When you reproduce the data, keep every word exactly as it stands and leave the pictures out.

Data provided Start Marker

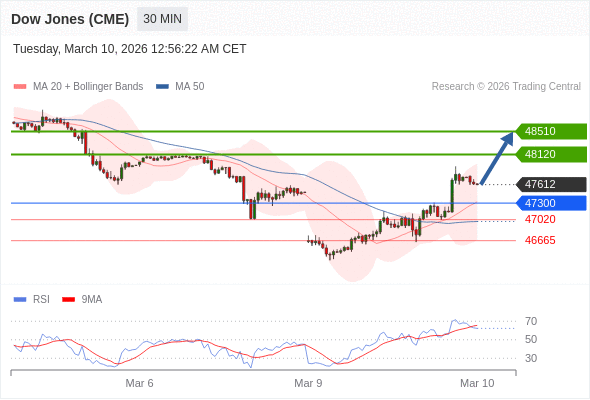 在 47300 之上,看涨,目标价位为 48120 ,然后为 48510 。
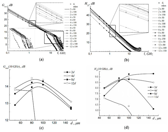 The frequency dependences of maximum values of the power and current amplification factors Gmax(f)—(a) and H21(f)—(b), correspondingly. The functional dependences Gmax = Gmax(d)—(c) and H21 = H21(d)—(d), measured at different values of n at frequency f = 10 GHz.
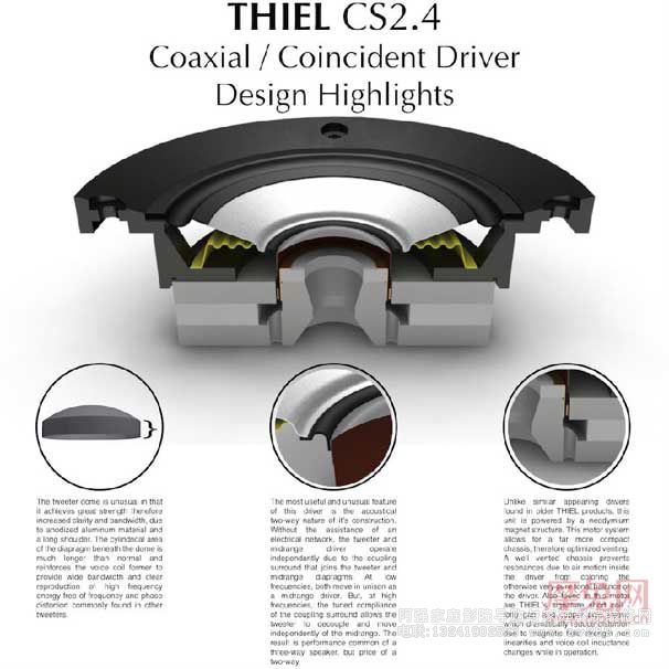(10).超奧(THIEL,美國)1977年創辦于肯德基州的揚聲器廠,一向堅持追求忠實的原聲重放,一貫秉承其優良傳統和獨有風格,1983年以來用連貫性聲源(Coherent Source)方式設計,成為同類揚聲器系統的翹楚,通過單元設計、音箱結構及分頻器等的不斷研究改良,以聲音準確、分析力卓越、動態充分、瞬變快速的中性音箱而成舉世公認的高級音箱之一。
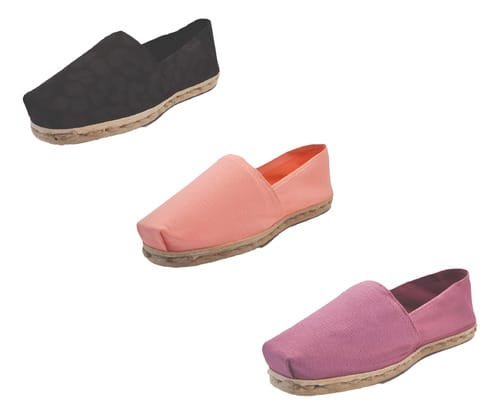 TriPack de alpargata iberia con modelos animal print negro, coral y jacarandá con un rango de talla de 34 a 39.
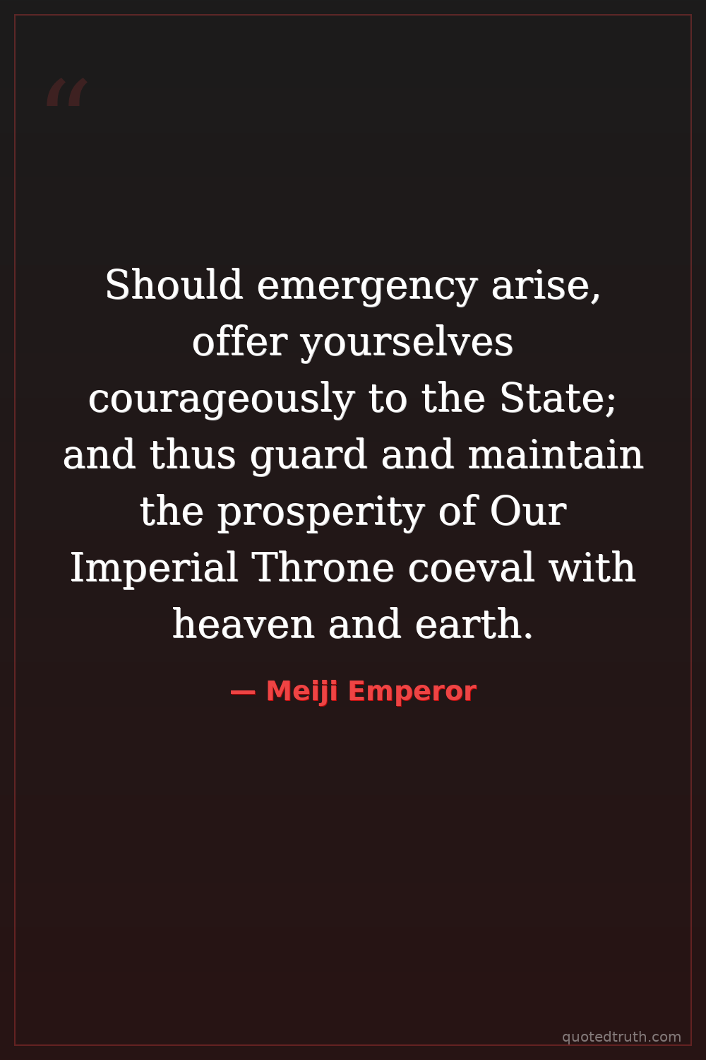 Should emergency arise, offer yourselves courageously to the State; and thus guard and maintain the prosperity of Our Imperial Throne coeval with heaven and earth.

Data provided End Marker

Reply to the task –
 在 47300 之上,看涨,目标价位为 48120 ,然后为 48510 。
 The frequency dependences of maximum values of the power and current amplification factors Gmax(f)—(a) and H21(f)—(b), correspondingly. The functional dependences Gmax = Gmax(d)—(c) and H21 = H21(d)—(d), measured at different values of n at frequency f = 10 GHz.
(10).超奧(THIEL,美國)1977年創辦于肯德基州的揚聲器廠,一向堅持追求忠實的原聲重放,一貫秉承其優良傳統和獨有風格,1983年以來用連貫性聲源(Coherent Source)方式設計,成為同類揚聲器系統的翹楚,通過單元設計、音箱結構及分頻器等的不斷研究改良,以聲音準確、分析力卓越、動態充分、瞬變快速的中性音箱而成舉世公認的高級音箱之一。
 TriPack de alpargata iberia con modelos animal print negro, coral y jacarandá con un rango de talla de 34 a 39.
 Should emergency arise, offer yourselves courageously to the State; and thus guard and maintain the prosperity of Our Imperial Throne coeval with heaven and earth.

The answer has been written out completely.